**What is required**: Below are the records; copy exactly the stretch from the line containing "The 1992 and" through the line containing "央视网消息:2月21日晚,哈", both ends included, and nothing else.

**Source material**:
[Start of Attachment]

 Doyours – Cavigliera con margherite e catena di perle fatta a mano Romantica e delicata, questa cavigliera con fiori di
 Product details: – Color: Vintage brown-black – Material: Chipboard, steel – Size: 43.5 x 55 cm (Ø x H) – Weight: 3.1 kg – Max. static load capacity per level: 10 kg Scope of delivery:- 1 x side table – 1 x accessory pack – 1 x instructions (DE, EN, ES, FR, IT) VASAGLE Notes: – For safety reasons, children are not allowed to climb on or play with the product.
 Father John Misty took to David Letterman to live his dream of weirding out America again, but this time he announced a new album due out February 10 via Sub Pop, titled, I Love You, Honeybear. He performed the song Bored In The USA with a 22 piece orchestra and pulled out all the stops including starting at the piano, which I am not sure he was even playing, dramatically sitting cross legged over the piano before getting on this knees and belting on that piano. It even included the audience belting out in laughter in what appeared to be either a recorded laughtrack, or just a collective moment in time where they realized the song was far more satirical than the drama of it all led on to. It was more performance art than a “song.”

[End of Attachment]
[Start of Attachment]

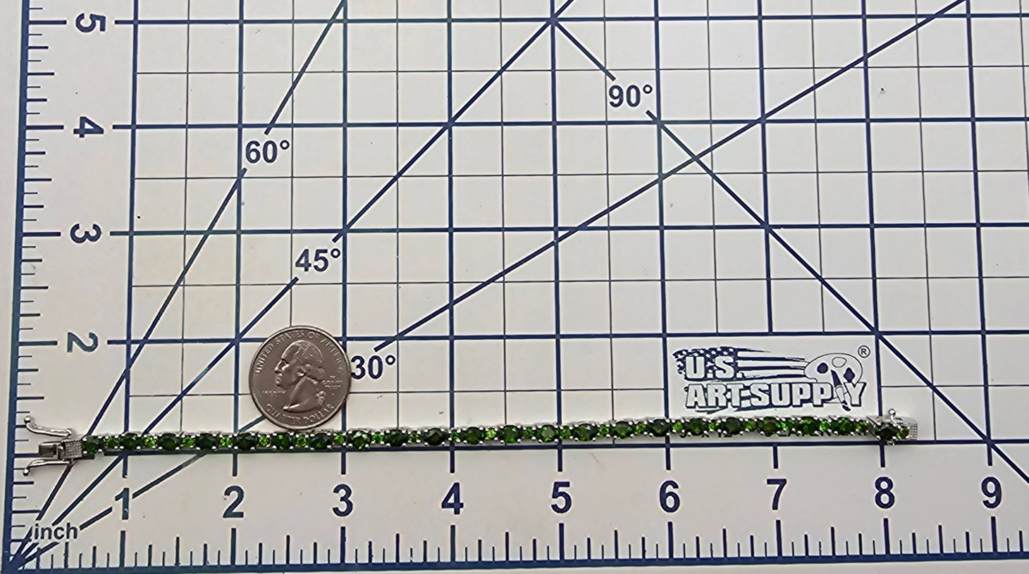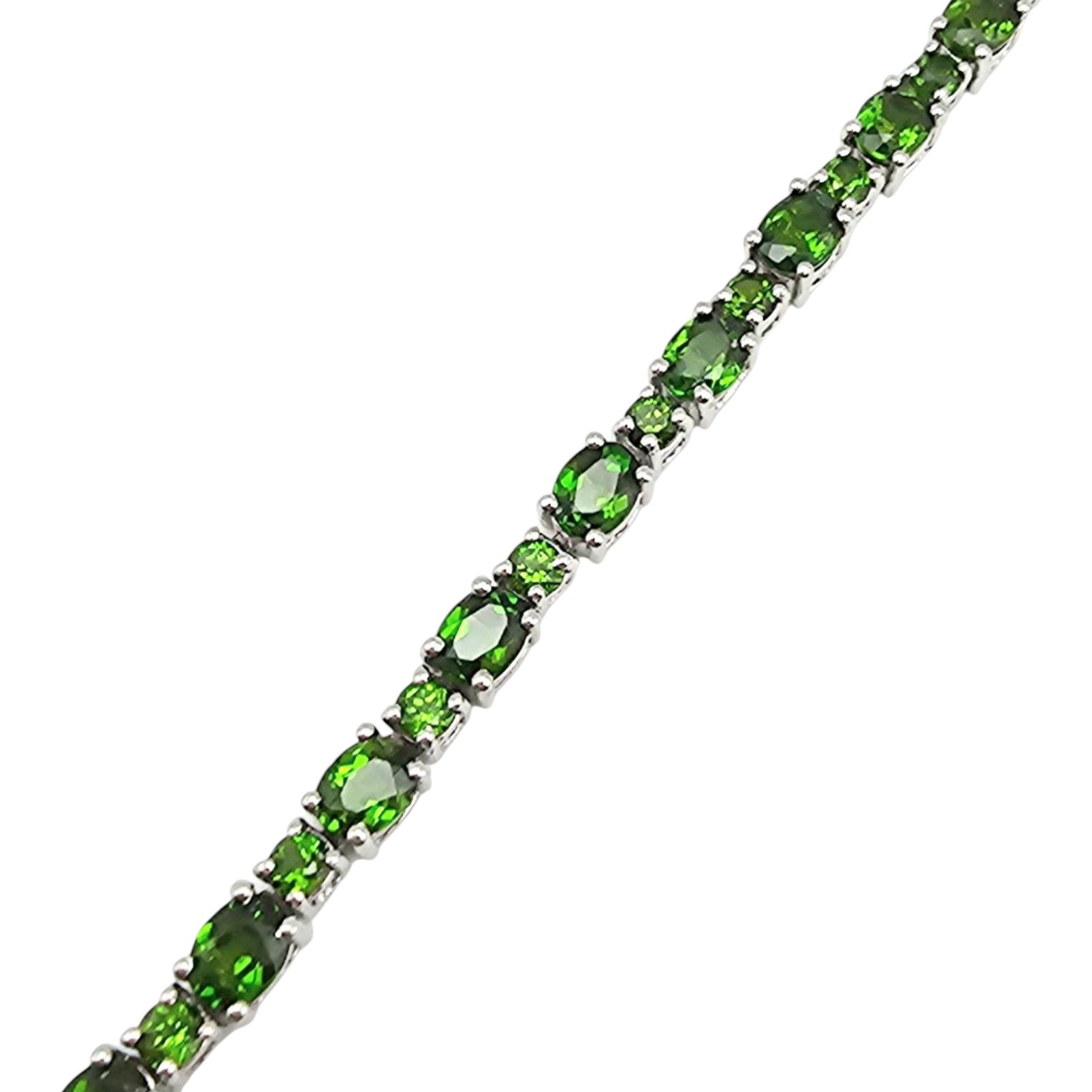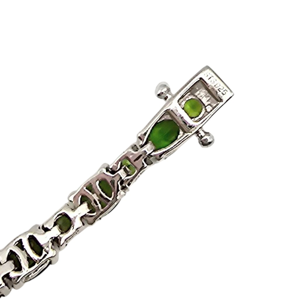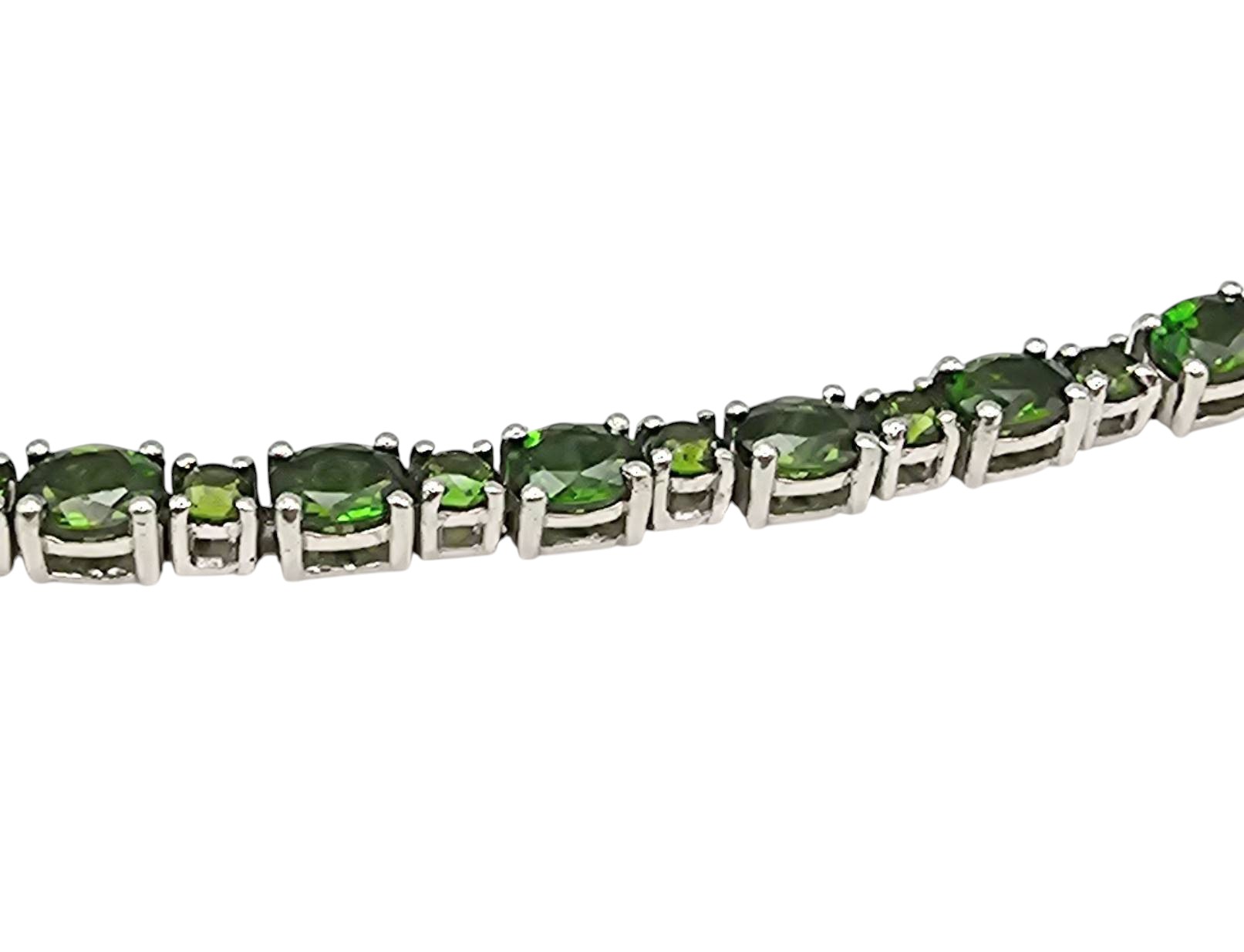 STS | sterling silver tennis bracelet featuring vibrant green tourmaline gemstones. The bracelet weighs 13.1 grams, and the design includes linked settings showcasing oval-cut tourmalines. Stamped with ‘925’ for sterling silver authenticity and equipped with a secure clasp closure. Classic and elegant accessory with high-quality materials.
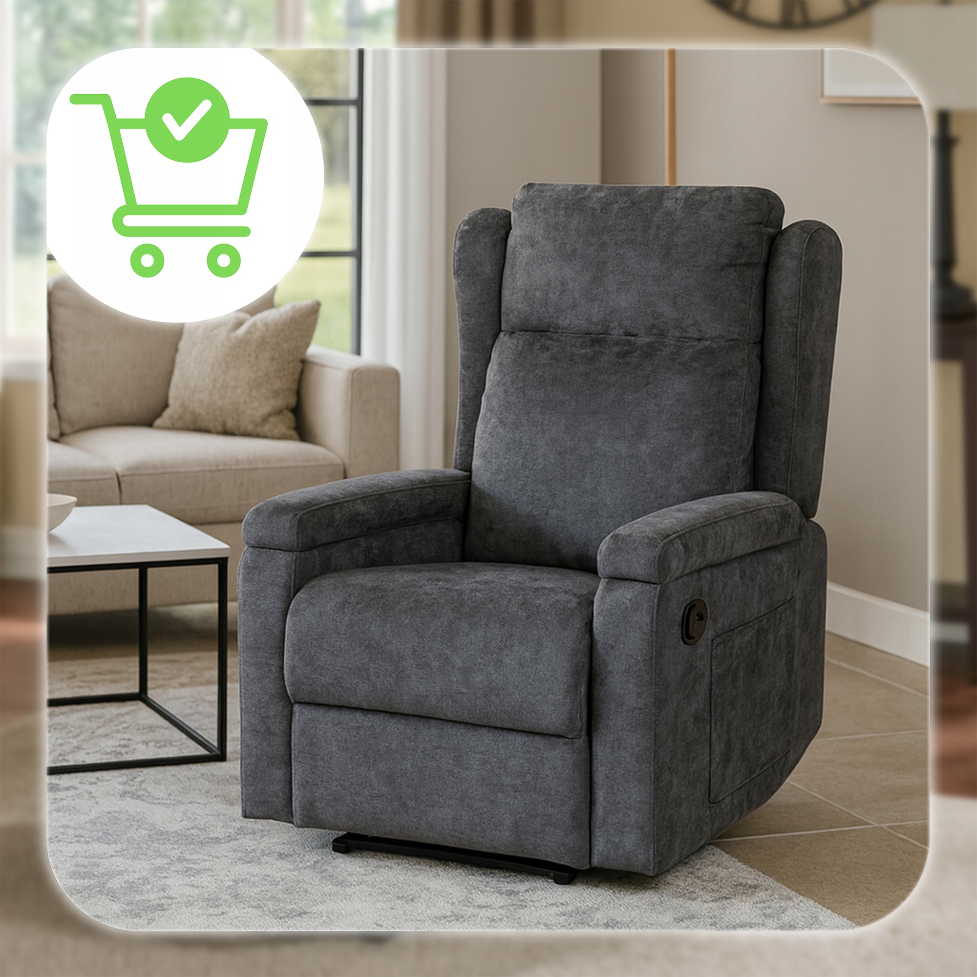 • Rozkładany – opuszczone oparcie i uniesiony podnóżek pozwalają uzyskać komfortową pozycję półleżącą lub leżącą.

[End of Attachment]
[Start of Attachment]

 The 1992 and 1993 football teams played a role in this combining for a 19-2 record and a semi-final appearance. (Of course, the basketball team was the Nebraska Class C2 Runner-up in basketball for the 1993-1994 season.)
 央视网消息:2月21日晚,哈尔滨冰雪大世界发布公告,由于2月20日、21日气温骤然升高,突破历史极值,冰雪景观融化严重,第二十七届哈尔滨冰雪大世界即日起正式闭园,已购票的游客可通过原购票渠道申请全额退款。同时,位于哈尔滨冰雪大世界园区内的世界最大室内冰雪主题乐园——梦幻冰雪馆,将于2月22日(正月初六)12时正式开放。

[End of Attachment]

**Answer for this exercise**:
 The 1992 and 1993 football teams played a role in this combining for a 19-2 record and a semi-final appearance. (Of course, the basketball team was the Nebraska Class C2 Runner-up in basketball for the 1993-1994 season.)
 央视网消息:2月21日晚,哈尔滨冰雪大世界发布公告,由于2月20日、21日气温骤然升高,突破历史极值,冰雪景观融化严重,第二十七届哈尔滨冰雪大世界即日起正式闭园,已购票的游客可通过原购票渠道申请全额退款。同时,位于哈尔滨冰雪大世界园区内的世界最大室内冰雪主题乐园——梦幻冰雪馆,将于2月22日(正月初六)12时正式开放。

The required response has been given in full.